CarolAnn and I recently cleaned the tool shed out back and evicted three rats in the process. We went to Lowe’s to get rat traps but disagreed on what kind to get. I wanted a quick kill. She wanted the kind that would stick to a rat’s feet and hold them until we could throw them in the trash because, as she rightly reminded me, the snap traps don’t always work. The rats are wily, they grab the bait and make a clean getaway. The sticky traps are a certain though torturous death sentence.
In the end my emotional sensitivity won out. She loves that about me, though she doesn’t agree. We didn’t buy either. I guess I’ll have to depend on the dogs to solve the problem.

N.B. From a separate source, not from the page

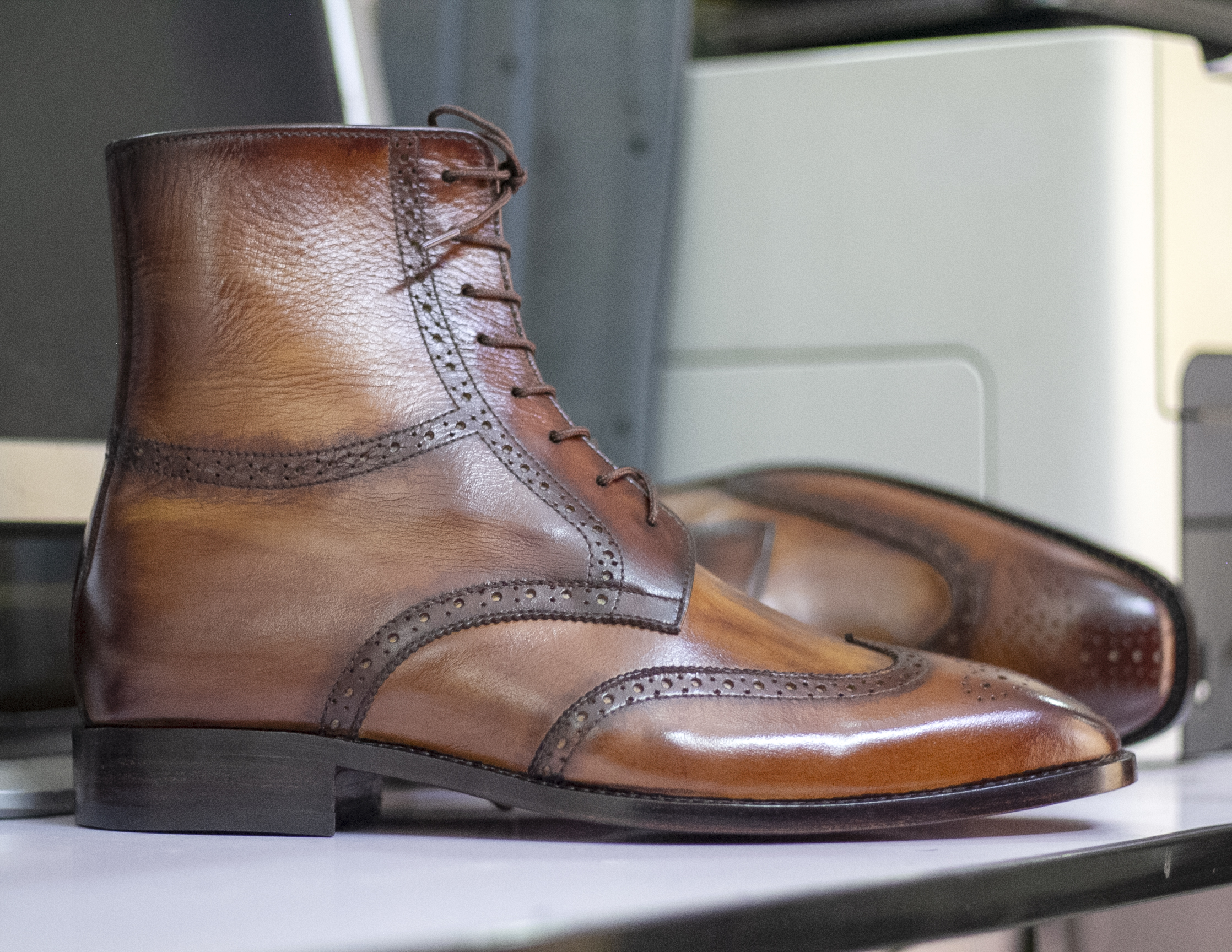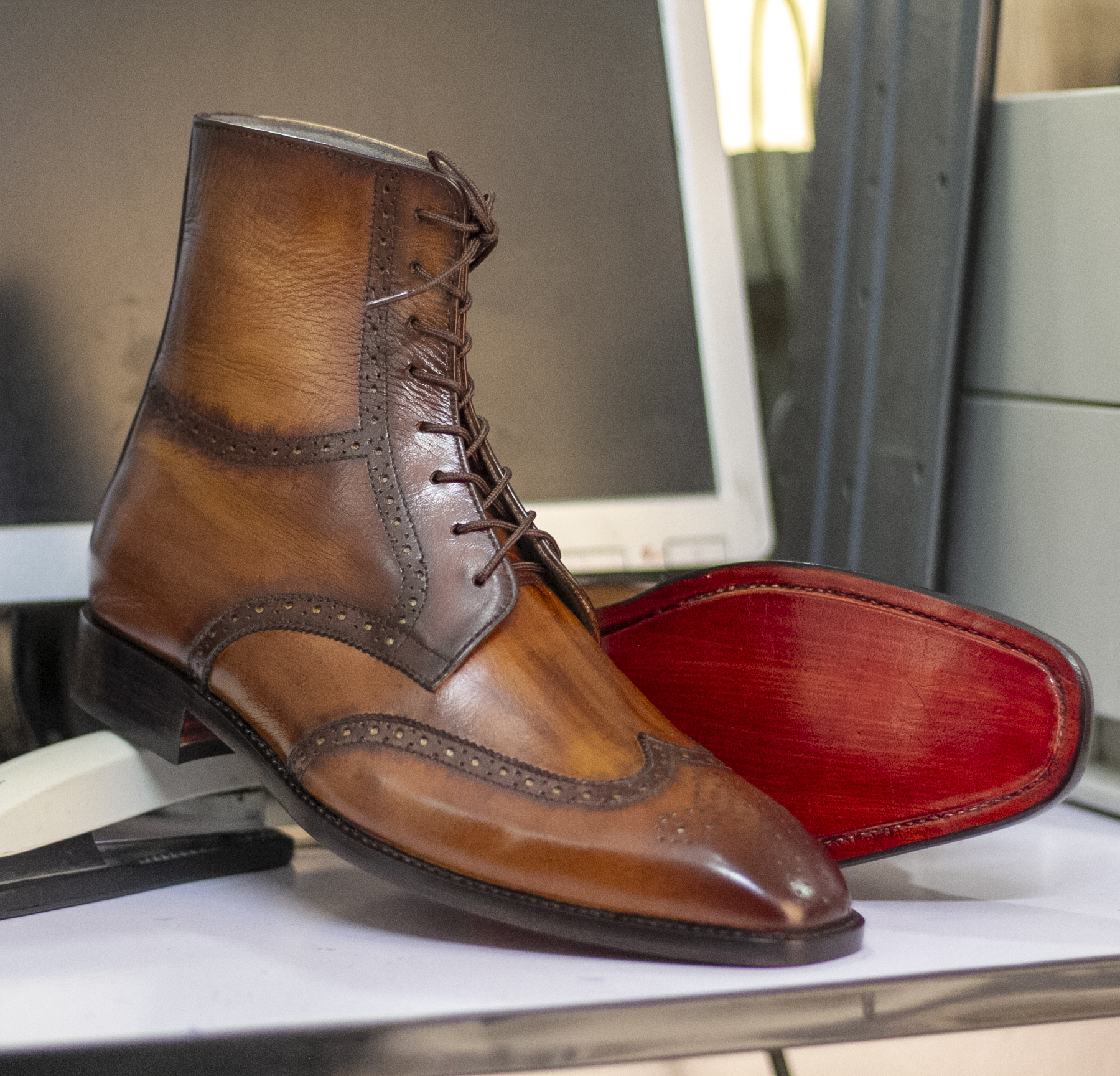 Handmade Ankle High Brown Derby Boot , Wing Tip Leather Lace Up Boot

When I was a boy my dad used to take me fishing but it upset me to hook a fish, yank it out of its home and eat it. Once Dad took me rabbit hunting in Wyoming because that’s what he did when he was my age growing up in Wyoming. He gave me a rifle, we found rabbits and I intentionally fired to miss.
I can’t face the idea of killing a creature just because it wandered into our garage or even our home. I don’t like rats or spiders but I also don’t see that I have a right to kill them. I told CarolAnn, who comes from a family of hunters, that this extreme sensitivity comes from my childhood when I fired a slingshot at a bird on a fence. I actually killed the thing, I told her. It destroyed me.
Now I doubt it happened.
Research has proven than human memories are highly fluid. The events we remember as sure as we know our names are actually reconstructed from bits and pieces of actual experience mixed with impressions from any number of sources pieced together by our emotions and imaginations. (For more fascinating insight, see the link at the bottom of this post.)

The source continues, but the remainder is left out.